Background technology
The breast prosthesis divides two kinds of fundamental types, and promptly the silicon rubber shell of the silicone rubber seal housing apparatus of filling gel and expansive filled normal saline solution has comprised a check valve apparatus that can be used for filling.
The breast prosthesis of filling gel puts into biogel in the silicone rubber seal shell in advance, constant volume, the silicon rubber breast prosthesis of this filling gel has and tissue similar density and flexibility, implants that the rear udder attachment form is true to nature, feel is good, wherein with silicon gel typical case the most.Silicon gel silicone-gel is different with silicone oil silicone oil.Once adopting silicone oil (dimethicone) in early days is filler, and this liquid silicone oil in case silicone rubber seal shell (shell) breaks in vivo, will trickle along tissue space, because be oiliness, may remove clean hardly.Appear in the newspapers and the tissue disease that a large amount of silicone oil may cause clinically more.The silicon gel then is through over cure, the high polymer that is cross-linked to form, has certain viscoplasticity and macromolecular network structure, and gel can not trickle, be and freeze shape.Silicon rubber breast prosthesis with the silicon gel filling is the most general in clinical practice so far.
Although breast prosthesis's fundamental type and structure do not have much variations for many years, yet on, prescription synthetic and the manufacture craft bigger improvement (seeing the preparation of silicon gel) is arranged all, more to adapt to the requirement of clinical continuous development at material.The little molecule seepage discharge of filling breast prosthesis silicone oil of producing as the U.S. 60-70 age is 1 to 2 gram, and gel is higher to the swelling ratio of silicone rubber housings.
Rubber is that obtaining end group is the fluidised form polysiloxanes (silicone oil that is commonly called as) of vinyl by octamethylcy-clotetrasiloxane (D4) and the polymerization of closure agent tetramethyl divinyl two silicon ethers (MMVi) head and the tail.
Reaction equation:
D
4+ closure agent → CH
2=CH-Si-O (Si-O)
nCH=CH
2
The silicon gel be rubber under the effect of catalyst chloroplatinic acid, crosslinked make suitable with the crosslinking agent containing hydrogen silicone oil.Its medium and small molecule (lighter molecules) is common D
4, D
5, benzene class, ketone, heterocyclic, alkanes etc.
The little molecule of silicon gel is to be diffused into easily in the human body under the situation of outer casing rupture, and the U.S. has released the breast prosthesis of dual structure in the eighties to market, and internal layer is the silicon gel, and skin is a physiological saline.Clinical practice shows that in case the shell seepage or the shell that breaks will form fold, this fold not only influences breast shape, and very easily brings out the fibrous capsule contracture, and in fact clinical practice does not reach the effect of expected design, so seldom be used for clinical abroad.
In early days, French PIP company adopts hydroxypropyl methylcellulose (HPMC), is used for the silicon rubber breast prosthesis through after the modification, and this gel is formulated by the aseptic deionized water of 3% hydroxypropyl methylcellulose and 97%.Therefore HPML degree of gelation after the modification is higher, has soft feel, but it is said also metabolism in vivo, but the clinical practice report is more rare.

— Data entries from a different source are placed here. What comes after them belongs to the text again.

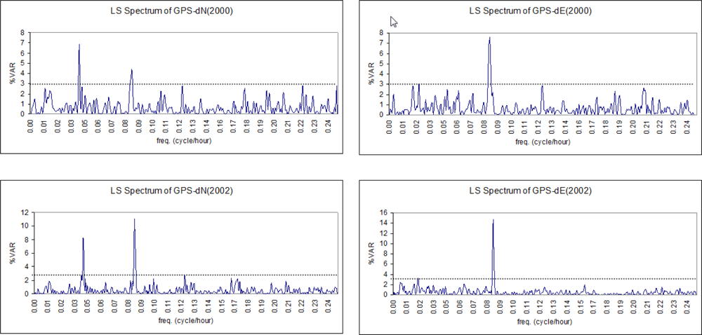 The time series obtained from the inclinometers and continuous GPS data were processed using the Least Squares Spectral Analysis (LSSA) technique, which is useful for the evaluation of periodic, multi-parameter, and noisy time series that can be decomposed into their component signals [–]. This method is based on the least squares approximation technique, which is closely related to least squares parametric adjustment [,], and it has certain advantages compared to classical Fourier methods, such as overcoming the blindness of former techniques to the existence of sampling irregularities or gaps in the data. It was applied in its original form by [] and [], and alternate forms have been used by a number of researchers in the fields of geodetic science [,,,–], astronomy [,], geophysical applications (e.g., []), mathematics (e.g., []), microbiology (e.g., []), medicine (e.g., []), and finance.
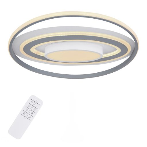 Design mennyezeti lámpa matt fehér színű fém vázzal, szürke fém és fehér színű akril betétes búrával, 60W beépített LED fényforrással. A lámpához távirányító tartozék, mely segítségével állítható a LED fényereje , illetve a színhőmérsékelte 3000-4500-6000K között. A lámpa továbbá éjszakai fény és memória funkcióval is rendelkezik.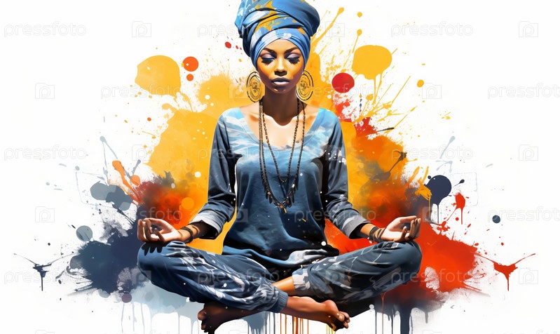 Рисунок молодой медитирующей девушки на белом фоне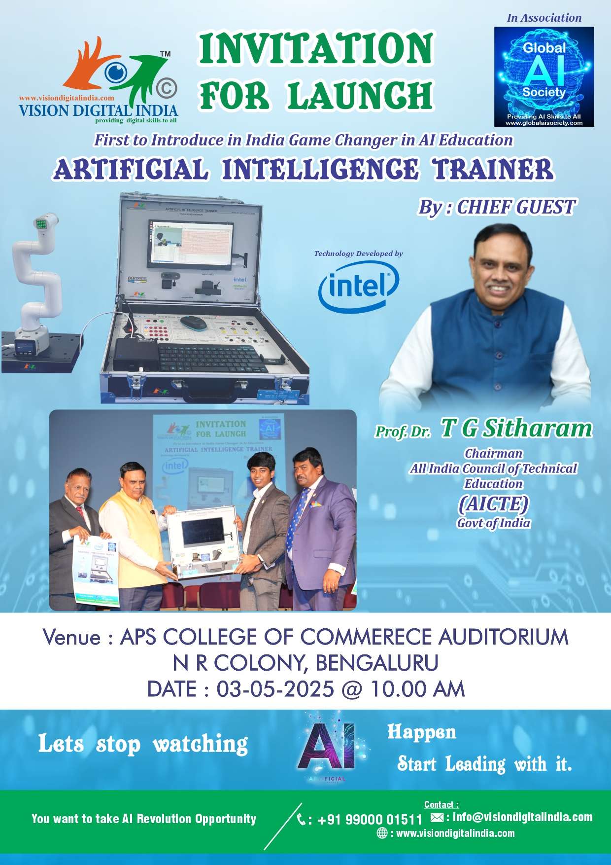 Vision Digital India, a leader in technology-enabled learning, today announced the launch of India’s first AI Trainer Machine, an innovative “AI Lab-in-a-Box” developed in partnership with Intel Global. This historic unveiling took place at APS College, Bengaluru, a prestigious 90-year-old institution known for producing distinguished alumni such as Bharat Ratna Dr. C.N.R. Rao and Superstar Mr. Rajinikanth.

The eighties middle and later periods, the hyposmosis type silicon gel breast prosthesis's who puts goods on the market infiltration capacity has been controlled in the very little scope, and degree of gelation improves, but gel is very soft, and overall flow situation is good.

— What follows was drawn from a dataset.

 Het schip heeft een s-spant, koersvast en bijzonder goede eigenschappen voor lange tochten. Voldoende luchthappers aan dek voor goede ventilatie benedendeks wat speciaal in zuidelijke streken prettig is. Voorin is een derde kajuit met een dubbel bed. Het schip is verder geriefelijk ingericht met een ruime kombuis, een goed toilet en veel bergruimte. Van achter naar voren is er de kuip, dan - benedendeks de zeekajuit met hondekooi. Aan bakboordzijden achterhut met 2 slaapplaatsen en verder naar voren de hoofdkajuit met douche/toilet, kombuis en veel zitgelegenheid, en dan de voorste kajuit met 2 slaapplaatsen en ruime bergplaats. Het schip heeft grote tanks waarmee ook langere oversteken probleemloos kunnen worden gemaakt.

McGhan company utilizes the earliest and applies the anti-penetration layer technology, plays the effect of Isolated Shield between sulphurated siliastic shell and silicon gel, thereby stops the medium and small molecule infiltration of silicon gel.Promptly reducing the fugitive constituent in the rubber, is the key of dealing with problems.
Summary of the invention
For solving the problems of the technologies described above, the invention provides a kind of employing molecular clock and remove micromolecular method in the silicon gel, reduce the fugitive constituent of silicon gel, thereby stop the medium and small molecule seepage of silicon gel, can reduce below the fugitive constituent to 0.1% of silicon gel.
The present invention realizes by following technical scheme:
A kind of employing molecular clock is removed micromolecular method in the silicon gel, material is radially added molecular still from top, the thermal treatment zone, be distributed to heating wall through distributing device, control temperature, vacuum, scraper plate rotating speed spread to the uniform liquid film of thickness with material and advance downwards with helical form; The material back lighter molecules of being heated forms the steam condenser of meeting molecular still inside that moves upward and condenses into fluid separation applications, and heavy molecules moves downward along wall and flows down recovery.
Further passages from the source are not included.